For the listing below, return the line containing "温州市365在线体育投注官网", the line containing "Ha sido hoy", and all lines in between, exactly as written and nothing else.

**Input data**
####################
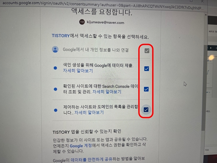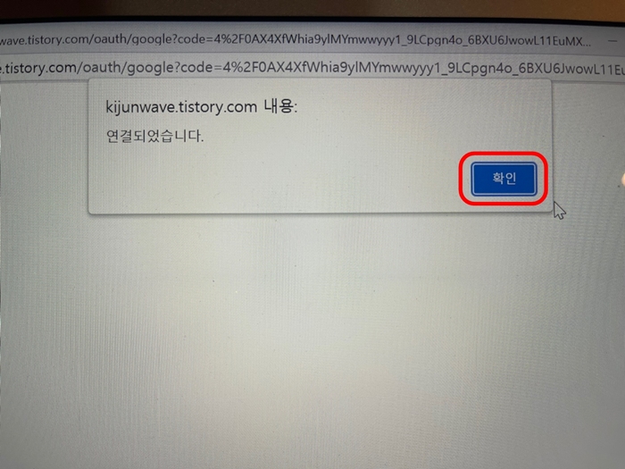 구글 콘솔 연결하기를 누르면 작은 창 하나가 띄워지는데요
####################
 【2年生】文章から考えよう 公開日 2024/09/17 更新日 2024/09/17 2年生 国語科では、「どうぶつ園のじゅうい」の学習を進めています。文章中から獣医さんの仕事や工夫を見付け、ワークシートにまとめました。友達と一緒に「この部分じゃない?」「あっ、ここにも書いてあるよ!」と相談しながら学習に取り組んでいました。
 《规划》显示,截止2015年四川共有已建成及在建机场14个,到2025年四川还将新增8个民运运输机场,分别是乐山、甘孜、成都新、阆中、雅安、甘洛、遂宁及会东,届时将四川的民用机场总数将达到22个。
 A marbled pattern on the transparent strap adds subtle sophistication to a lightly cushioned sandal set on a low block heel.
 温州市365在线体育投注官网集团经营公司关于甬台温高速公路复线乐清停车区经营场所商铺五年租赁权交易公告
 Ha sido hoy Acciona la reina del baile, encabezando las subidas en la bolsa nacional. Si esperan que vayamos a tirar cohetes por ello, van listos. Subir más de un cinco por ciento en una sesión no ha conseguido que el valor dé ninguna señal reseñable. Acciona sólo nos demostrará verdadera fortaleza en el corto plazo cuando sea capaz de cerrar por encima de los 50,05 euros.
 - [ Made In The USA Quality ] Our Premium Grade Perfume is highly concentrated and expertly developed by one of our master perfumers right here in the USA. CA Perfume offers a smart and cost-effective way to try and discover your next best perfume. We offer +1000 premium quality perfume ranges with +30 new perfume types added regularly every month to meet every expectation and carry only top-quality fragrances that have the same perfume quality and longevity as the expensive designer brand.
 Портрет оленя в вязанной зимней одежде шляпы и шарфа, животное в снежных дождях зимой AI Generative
####################
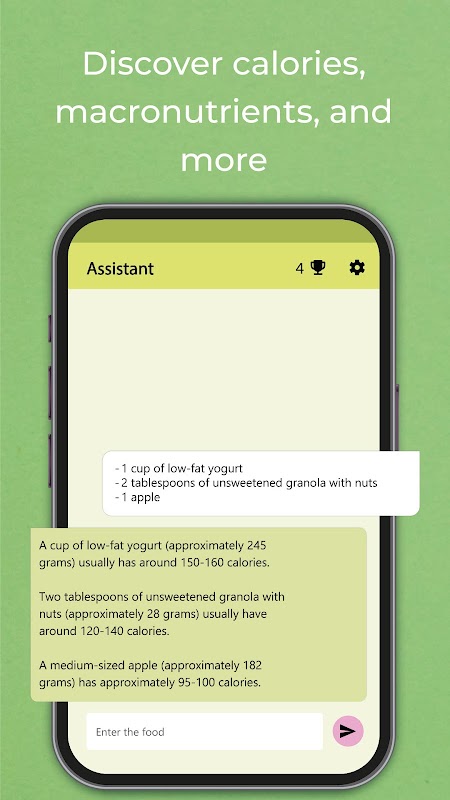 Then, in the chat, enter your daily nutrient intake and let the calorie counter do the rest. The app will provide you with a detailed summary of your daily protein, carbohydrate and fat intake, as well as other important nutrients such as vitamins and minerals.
####################
**Exercise output**
 温州市365在线体育投注官网集团经营公司关于甬台温高速公路复线乐清停车区经营场所商铺五年租赁权交易公告
 Ha sido hoy Acciona la reina del baile, encabezando las subidas en la bolsa nacional. Si esperan que vayamos a tirar cohetes por ello, van listos. Subir más de un cinco por ciento en una sesión no ha conseguido que el valor dé ninguna señal reseñable. Acciona sólo nos demostrará verdadera fortaleza en el corto plazo cuando sea capaz de cerrar por encima de los 50,05 euros.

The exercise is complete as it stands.